Explanation for the 1st to 3rd method calls

// 1 to 3
object.equals( object );         // A
object.equals( (Paper) object ); // A
object.equals( paper );          // A

During compile-time, we look at the compile-time type. So in the above three cases, we have a variable named object that has compile-time type of Object. This fact tells us that the variable can execute any method as long as the method is included in the Object class.

At the same time, we check if there is any method overloading, where two or more methods have the same name but different method signatures. If there is method overloading, we will look for the most specific method within that class to call upon. This is static binding.

During run-time, we know that certain objects might have different type as compared to compile-time, hence we check if any method has been overridden and change our decision made during compile-time, and run the overriding method instead. This is also known as dynamic binding.

From our mental model above, we can see that the Object class has only one equals method. So,

• Method call 1 is safe. During compile-time, we loosely understand method call 1 as (Object) object.equals( (Object) object ). Since we do have the equals method within Object class, we know at the very least, equals method can be called from within Object class. Come run-time, we realize that object has a run-time type of Paper. We now check for any override (not overload!), and turns out that there is an overriding equals method within the child Paper class and hence that method is invoked and printed "A".
• Method call 2 is safe. We can see that due to typecasting, a Paper object is being passed into the equals method. Although we do not have a particular equals method in Object class that takes in Paper, we can treat the parameter as Object. This is because Paper is a subclass of Object (by default, all objects in Java inherit from Object). Hence, following the same logical reasoning of method call 1, the equals method within Paper class is invoked and printed "A".
• Method call 3 is safe. Reasoning follows method call 2.

Additional note:

• The ability to invoke the overriding method in the subclass instead of the overridden method in the parent class supports polymorphism. This means given objects of the same parent, we can call a particular method and invoke different implementations of that method within each child class.

Explanation for the 4th to 6th method calls

// 4 to 6 
paper.equals( object );           // A
paper.equals( (Paper) object );   // B
paper.equals( paper );            // B

With the knowledge from the first three method calls, it is much easier to understand the rest.

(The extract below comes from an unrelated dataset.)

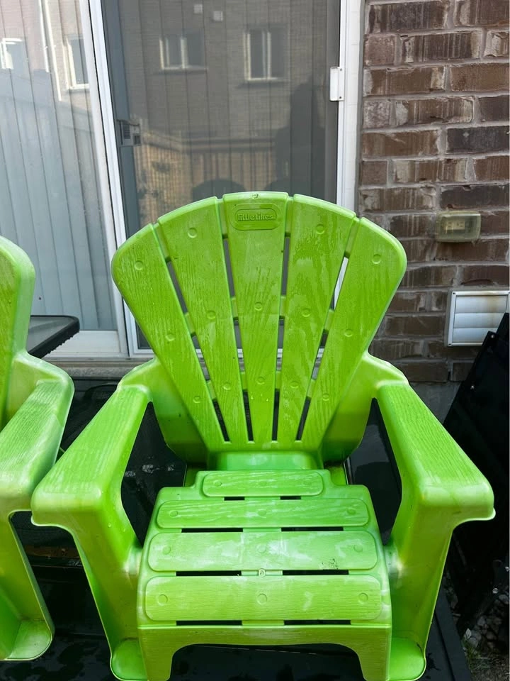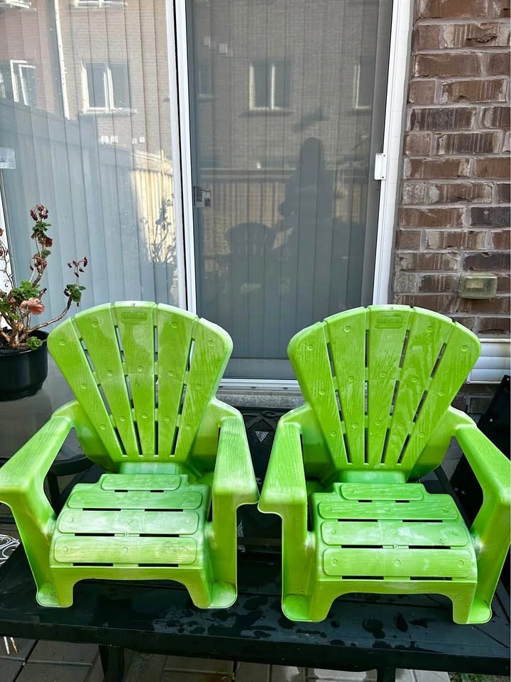 Set of 2 bright green kids’ Adirondack chairs. Perfect for outdoor play areas, patios, or backyards. Lightweight, durable, and easy to clean. Gently used and in great condition.

• Method call 4 is safe. We do have an equals method within the Paper class and looking at the method signature, we know that we will call the one that specifically takes in Object, which outputs "A".
• Method call 5 is safe. (Paper)object signals that we want the object to be used as Paper when this method is run. During compile-time, We see that the parameter is typecast into Paper, so we look for a specific method call that match this. We have the second equals method within Paper that specify that it takes in Paper and outputs "B".
• Method call 6 is safe. Reasoning is similar to method call 5.

Additional note:

• The only time that the overloaded method equals(Paper) can be invoked is when the compile-time type of the variable is Paper.

Conclusion

Understand the different results across run-time, due to inheritance and polymorphism, might be slightly confusing. However, this knowledge will allow us to better appreciate Objec-Oriented design later on. One example is that polymorphism and dynamic binding will make extension of code easier (minimize modification of client code when adding new a subclass).